# Thread: Partial Differential eqn - method of characteristics

1. ## Partial Differential eqn - method of characteristics

Am going through problems from book and have come across a section of my lecture notes that i don't understand, i'm sure it's something small i'm missing but can't get my head around it.

In lecture notes we solve the wave eqn;

it gets to the General solution which is;

Q(x,t) = F(x-t) +G(x-t)

and then as one of my initial conditions is;

dQ/dx(0,t) = 2 (where this is the partial derivative of Q wrt. x)

i need to find an expression for the dQ/dx, which was written as;

dQ/dx = F'(x+t) + G'(x-t)
i dont understand how this works?
can anyone help?

2. Originally Posted by monster
Am going through problems from book and have come across a section of my lecture notes that i don't understand, i'm sure it's something small i'm missing but can't get my head around it.

In lecture notes we solve the wave eqn;

it gets to the General solution which is;

Q(x,t) = F(x-t) +G(x-t)

and then as one of my initial conditions is;

dQ/dx(0,t) = 2 (where this is the partial derivative of Q wrt. x)

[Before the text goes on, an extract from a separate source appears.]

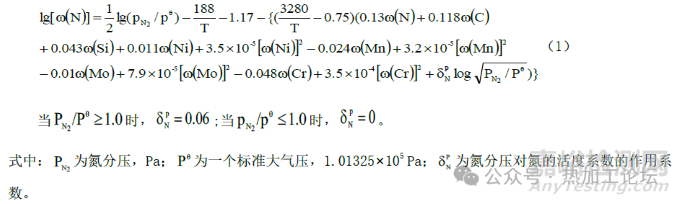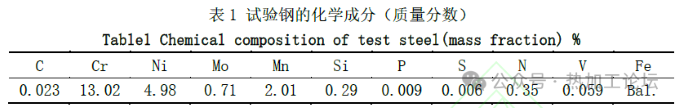 本試驗使用的高氮超級馬氏體不銹鋼委托東北大學冶金學院制備,根據(jù)目標鋼種成分及冶煉溫度,利用氮溶解度模型[式(1)]獲得冶煉壓力和澆鑄壓力,使用其研發(fā)的加壓感應爐分階段控制壓力,精確控制超級馬氏體不銹鋼中氮含量,化學成分見表1。坯料先隨爐升溫至1150℃保溫1 h,鍛造成厚度為30mm的鍛板,隨后在1200℃均勻化處理1h,進一步進行熱軋加工,得到厚度為12mm的熱軋板。

i need to find an expression for the dQ/dx, which was written as;

dQ/dx = F'(x+t) + G'(x-t)
i dont understand how this works?
can anyone help?
It's the chain rule. Let $\displaystyle r = x + t$ and $\displaystyle s = x- t$ so $\displaystyle Q = F(r) + G(s)$ so

$\displaystyle \frac{\partial Q}{\partial x} = \frac{\partial Q}{\partial r}\frac{\partial r}{\partial x} + \frac{\partial Q}{\partial s}\frac{\partial s}{\partial x}$

3. Consider the IVP
$\displaystyle a(x,t,u) u_t + b(x,t,u) u_x = c(x,t,u),\; u(x,0) = f(x)$
Parameterizing your variable as $\displaystyle x=r,\; t=s,\; u=z$ and assuming that you start on a characteristic curve with initial conditions $\displaystyle \Gamma: x = r,\; t = 0,\; u = f(s)$ then the solution to the IVP can be found by the ODE
$\displaystyle \dfrac{dx}{ds} = b(r,s,z)$
$\displaystyle \dfrac{dt}{ds} = a(r,s,z)$
$\displaystyle \dfrac{dz}{ds} = c(r,s,z)$